第53話 背後の女騎士は警戒中!

「助けてくれて、ありがとう。私はクイーンと言う」


「あ、初めまして…………ユ、ユミナと申します」


 クイーンさんは顎に手を置き、クスクス微笑む。

「そんなに畏まることはないよ」


「すみません、私……人見知りで」

 やっぱり初めて会う人に対しては現実でもゲームでも慣れない。そう、慣れないんだ。でも......

 なんだろう。初めて会った気がしない。

 と、とりあえず何か言わないと。静寂の空間は落ち着かない。



「えっと、大丈夫ですか? 急に倒れてビックリしました」


「アハハ、すまない。道に迷ったことと状態異常になってしまって」


 まさか、過去に一度進んで以来のこの場所に別ステージがあるとは思わなかった。初めて遭遇する敵の攻撃を喰らってしまい、火傷・軽い麻痺・毒・腕の一部が凍傷の状態異常のフルコースを受けてしまい、そのまま倒れてしまった。


 全く情けない。
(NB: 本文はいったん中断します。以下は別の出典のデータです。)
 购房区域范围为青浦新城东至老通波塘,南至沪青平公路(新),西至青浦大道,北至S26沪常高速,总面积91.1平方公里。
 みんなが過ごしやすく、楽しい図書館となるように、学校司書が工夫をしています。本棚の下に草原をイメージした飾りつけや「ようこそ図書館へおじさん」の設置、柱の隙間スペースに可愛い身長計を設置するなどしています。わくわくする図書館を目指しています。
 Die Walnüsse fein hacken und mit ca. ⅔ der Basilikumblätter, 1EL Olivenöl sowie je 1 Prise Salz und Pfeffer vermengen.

もしもここにヴェインがいれば腹を抱えて爆笑していたかもしれない。



「状態異常は私が解除しましたので、もう大丈夫ですよ」


 私が受けたのはそこそこに上位の状態異常攻撃になっていた。序盤のモンスターが繰り出す状態異常攻撃なら持っている回復アイテムだけで事足りる。


 この森で出くわしたモンスターが放った攻撃はどれも強力で持っていた回復アイテムでは焼け石に水だった。
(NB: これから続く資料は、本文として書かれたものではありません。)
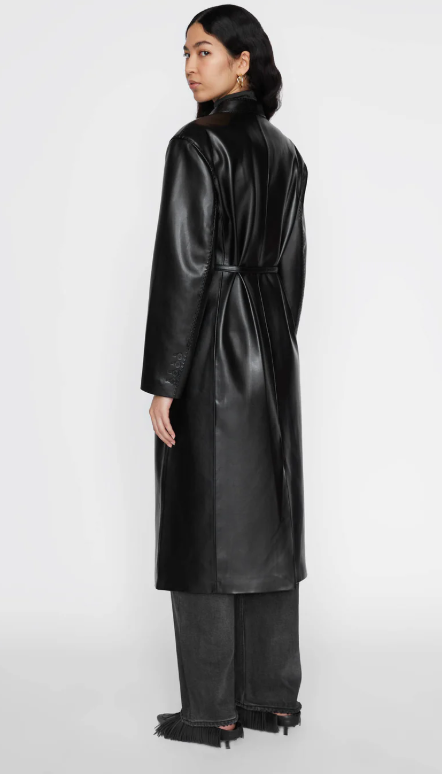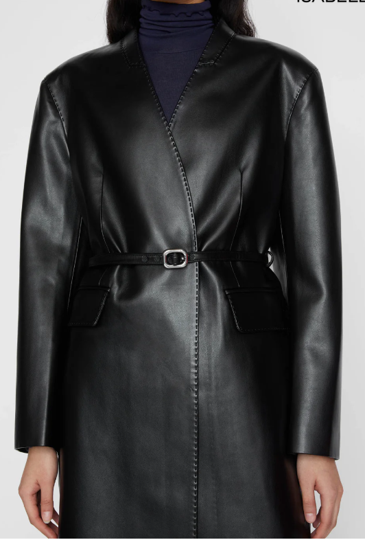 CAPPOTTO LUNGO IN ECOPELLE CON CINTURA.
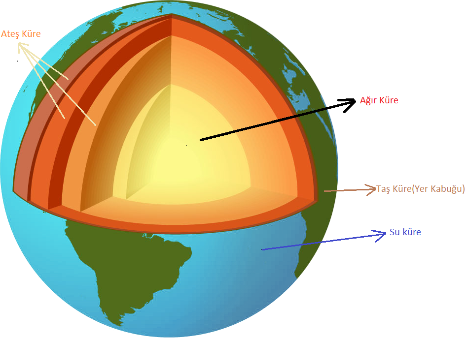 Dünyayı oluşturan katmanların dıştan içe doğru sırası şu şekildedir; hava küre, su küre, taş küre, ateş küre, ağır küre.
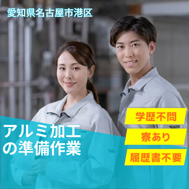 【業務内容】 アルミ製品加工の準備と補助作業 <業務例一覧> - 抽出されたアルミ管を加熱するための準備作業 - アルミの切断作業の補助 - 加工に必要な機械の点検と調整 - 加工後のアルミ製品の品質チェック - 作業場の清掃および整理整頓 ATR3
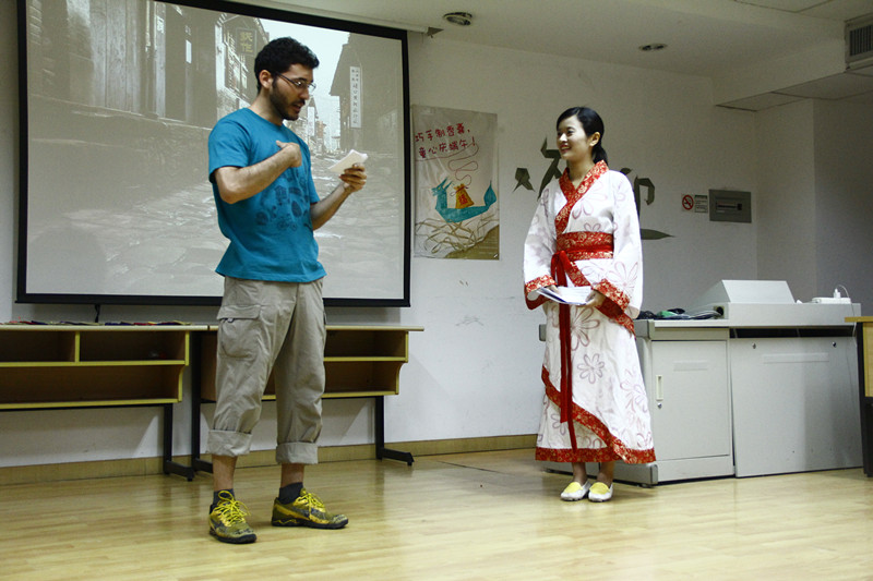 为营造端午节的氛围,426的墙壁上以粽子叶、香囊、蛋络等充满端午气息的元素装饰。来自2013级硕士班的巴西留学生霍德力和2011级对外汉语本科班的陈丽丽同学担任本次活动的主持人,他们分别穿着现代服饰与汉服,演绎了一段“穿越”的故事来带领参与者们领略了端午节的历史。
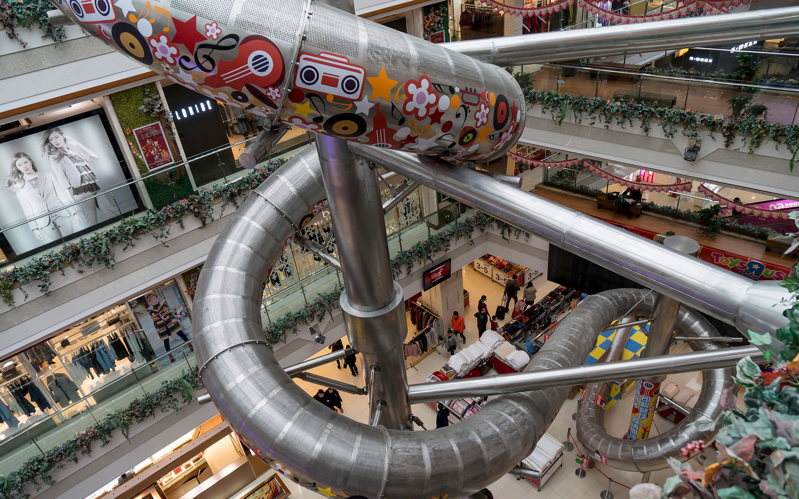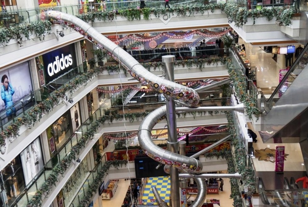 Хятадын Шанхай хотын “Нью Уорлд” их дэлгүүр үйлчлүүлэгчдийг өөртөө татах хачирхалтай санаа сэдэж, аварга том гулгуур ашиглалтад орууллаа. Дэлгүүрийн тавдугаар давхраас доош татсан энэ гулгуурын тусламжтайгаар нэгдүгээр давхар руу 16 секундын дотор буух боломжтой. 20 метр өндрөөс доош үргэлжлэх 54 метр урттай энэ аварга гулгуураа Шанхайн их дэлгүүр “Жаргалтай гулгуур” гэж нэрлэсэн байна. Гэхдээ гулгуурыг харсан үйлчлүүлэгчдэд нэн түрүүн төрдөг сэтгэгдэл нь аз жаргал гэхээсээ илүүтэй айдас, догдлол гэнэ.
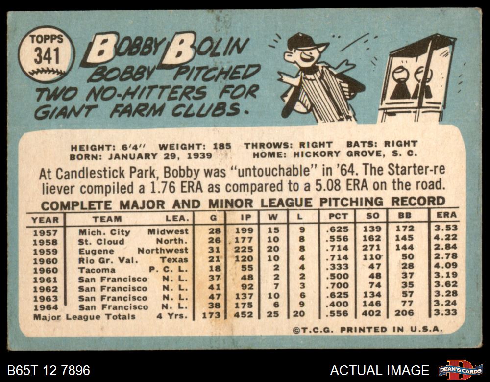 1965 Topps #341 Bobby Bolin 2 - GOOD
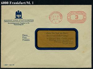 528 | 8 € | 6 Frankfurt/M. Post-Freistempel : FRANKFURT (MAIN)/ * 1 u/ DEUTSCHES REICH 1937 (22.1.) PFS 3 Pf. "Achteck" , Firmen-Reklame-Bf.: ALLIANZ U. STUTTGARTER LEBENSVERSICHERUNGSBANK.. (Logo) innen Reklame-Spruch (Dü.D-4) | ![]() ![]() | |

 それをこの桃髪の女の子は簡単に解除してくれた。中々に”できる”プレイヤーだと感じた。

 あのアホヴェインはユミナの後ろにいる女騎士にご執心だけど、私は目の前にいるユミナが少々、気になっている。


 防具類は序盤って位のレア度。でも、持っている武器が釣り合わない。おそらく神々しい杖の性能のおかげで私の状態異常が治ったと考えている。




「で、早速本題に移るんですが……ここで何をやってなんですか?」


 当然の反応。街やその周辺で遭遇するなら単なる偶然で済む。が、今私たちがいるのは森の最奥。出会うこと事態、奇跡に近い。



 ここは変な例え話とかでお茶を濁す手も勿論、ある。しかし、このユミナと名乗るプレイヤーの背後にいる人物からの濃度の高い威圧が私にのしかかる。



 ヴェインの目的の人物が私の目の前にいるのは朗報。初めてその素顔を見たときには女として負けたと感じた。ゲームの一キャラに対して何言ってるんだと思うが、それだけの美貌を女騎士は持っている。



 それとは裏腹に目の前の女騎士は危険人物でもあった。